No matter what the reason for this fear of dependencies is, there is an assumption that future changes of one copy should not affect the other copies. But in many cases the opposite is true! Cloning makes the code independent, but not the functionality—it will still be a similar thing. Thus it is an apparent independence only. Yes, there might be cases where a future change should only affect one of many copies. But very often a change should be applied at all occurrences of the related functionality. Consider bug fixes for example: in general, these must be done in all copies. We’ve observed the same change in two copies under two different change requests (were the second change was done several time later). This will almost double the maintenance effort without any need.

Can we Avoid Cloning in ABAP?

Yes, I’m sure cloning could be avoided as in any other programming language. Despite the fact that in many ABAP projects there is a high trend towards cloning, we’ve also seen counter-examples with only few clones. It is possible to have a code base with many hundreds of thousands lines of ABAP code and keeping the clone coverage low. From the reasons for intensive ABAP cloning discussed above we can conclude these recommendations to avoid it:

  • Dismiss copy-and-paste programming and encourage your developers to avoid duplication and restructure existing code instead. Accept that this is a bit more time-consuming in the beginning.
  • Make intensive use of common code and utilities, which are intended to be used by several programs. This code should be clustered in separate packages.
  • The development team should be the owner of the code, not the business departments—at least not for common functionalities.
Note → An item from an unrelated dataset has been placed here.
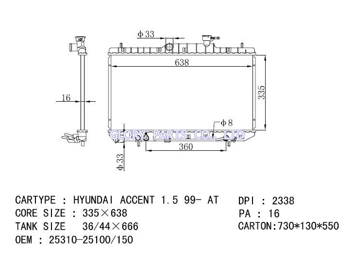 DPI: 2338 NISSENS: 67023 OEM: 25310-25100/25310-25300 Car Model: Hyundai Accent Auto radiator/automovil radiadores

The developers should be free to restructure code if it is worth for technical reasons. Keeping the code base maintainable is a software engineering task which hardly can be addressed by the business department.
  • Make use of test automation, e.g. using ABAPUnit and execute all of these tests at least once a day. Many regression errors could be detected this way.

If these is given, also ABAP code could be mainly free of redundancies. Of course, additionally you should introduce an appropriate quality assurance to keep your code base clean. This could be either by code reviews or static analysis. More about how to deal with clones can be found in part 2 of Benjamin’s posts on cloning.